→ **TASK REQUIREMENTS**:
Going down the listing below, print exactly each line from the one with "Az emelő tartós, fém" up to and including the one with "Пюре фруктовое Когда", and skip the rest.

→ **PROVIDED RECORDS**:
BEGIN
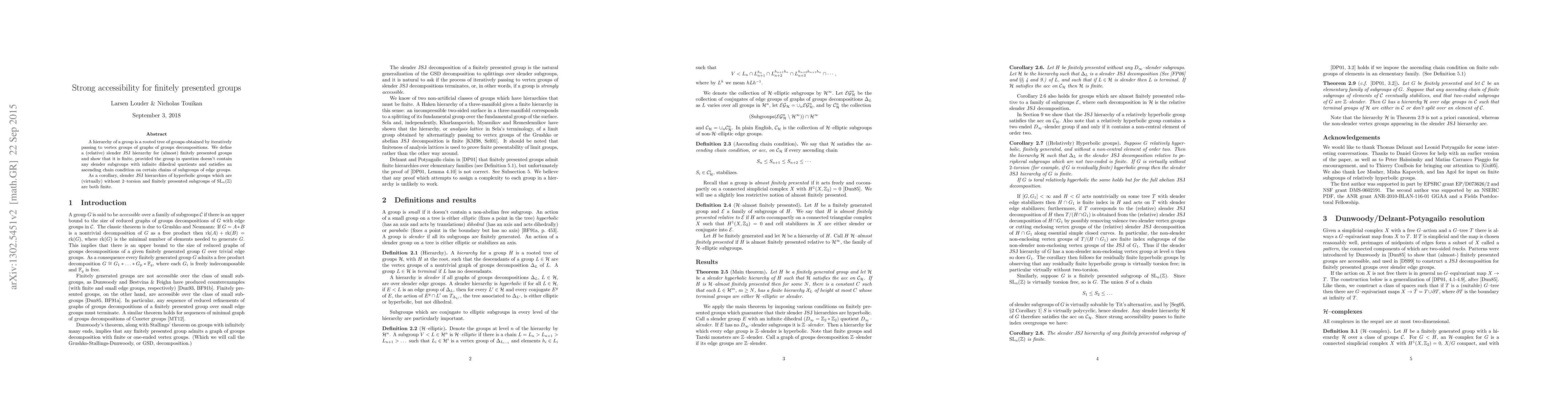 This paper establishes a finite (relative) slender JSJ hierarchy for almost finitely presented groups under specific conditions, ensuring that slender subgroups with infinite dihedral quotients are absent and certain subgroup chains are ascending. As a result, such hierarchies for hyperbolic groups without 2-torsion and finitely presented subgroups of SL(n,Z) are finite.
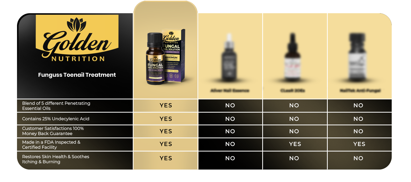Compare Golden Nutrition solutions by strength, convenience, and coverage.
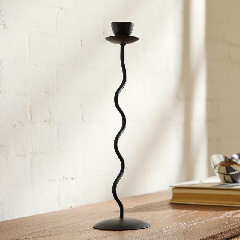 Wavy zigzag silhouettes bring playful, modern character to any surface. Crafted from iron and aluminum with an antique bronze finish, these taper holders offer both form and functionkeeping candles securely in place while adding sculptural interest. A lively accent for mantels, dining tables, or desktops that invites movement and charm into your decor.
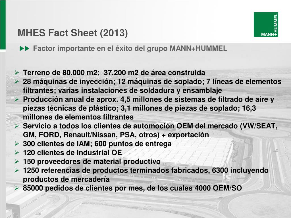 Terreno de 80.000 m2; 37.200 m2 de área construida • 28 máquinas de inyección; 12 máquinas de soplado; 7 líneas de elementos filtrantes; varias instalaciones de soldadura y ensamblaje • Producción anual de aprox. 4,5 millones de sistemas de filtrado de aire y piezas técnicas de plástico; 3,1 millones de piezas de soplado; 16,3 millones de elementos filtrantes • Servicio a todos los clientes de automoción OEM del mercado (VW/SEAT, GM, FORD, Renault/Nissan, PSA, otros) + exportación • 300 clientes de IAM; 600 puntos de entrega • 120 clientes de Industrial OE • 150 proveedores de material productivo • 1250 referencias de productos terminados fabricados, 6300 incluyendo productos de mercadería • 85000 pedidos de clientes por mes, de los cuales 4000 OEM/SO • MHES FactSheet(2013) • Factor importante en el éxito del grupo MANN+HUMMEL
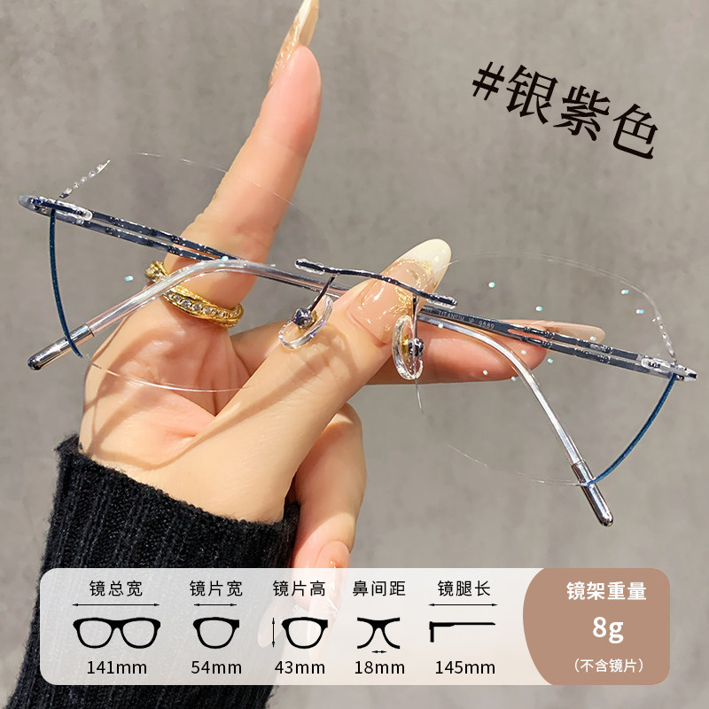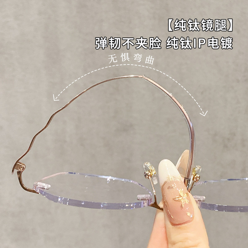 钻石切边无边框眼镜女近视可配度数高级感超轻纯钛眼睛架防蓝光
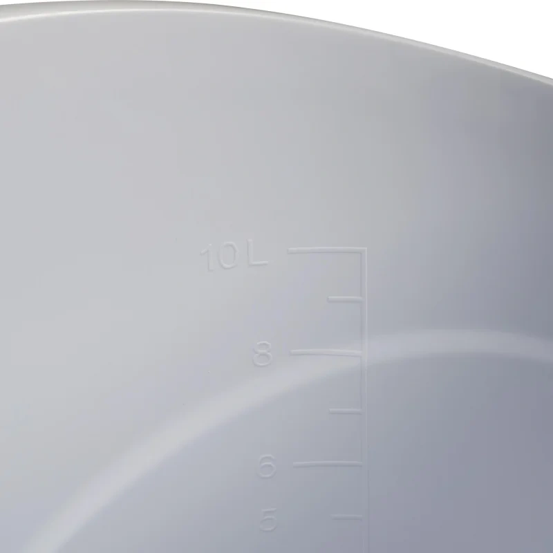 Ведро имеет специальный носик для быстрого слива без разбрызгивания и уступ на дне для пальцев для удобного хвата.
END
BEGIN
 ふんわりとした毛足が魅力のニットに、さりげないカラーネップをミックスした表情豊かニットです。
END
BEGIN
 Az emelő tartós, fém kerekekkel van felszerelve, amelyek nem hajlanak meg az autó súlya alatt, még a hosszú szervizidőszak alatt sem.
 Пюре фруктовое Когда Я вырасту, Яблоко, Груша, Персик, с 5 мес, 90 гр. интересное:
END
→ **EXERCISE OUTPUT**:
 Az emelő tartós, fém kerekekkel van felszerelve, amelyek nem hajlanak meg az autó súlya alatt, még a hosszú szervizidőszak alatt sem.
 Пюре фруктовое Когда Я вырасту, Яблоко, Груша, Персик, с 5 мес, 90 гр. интересное:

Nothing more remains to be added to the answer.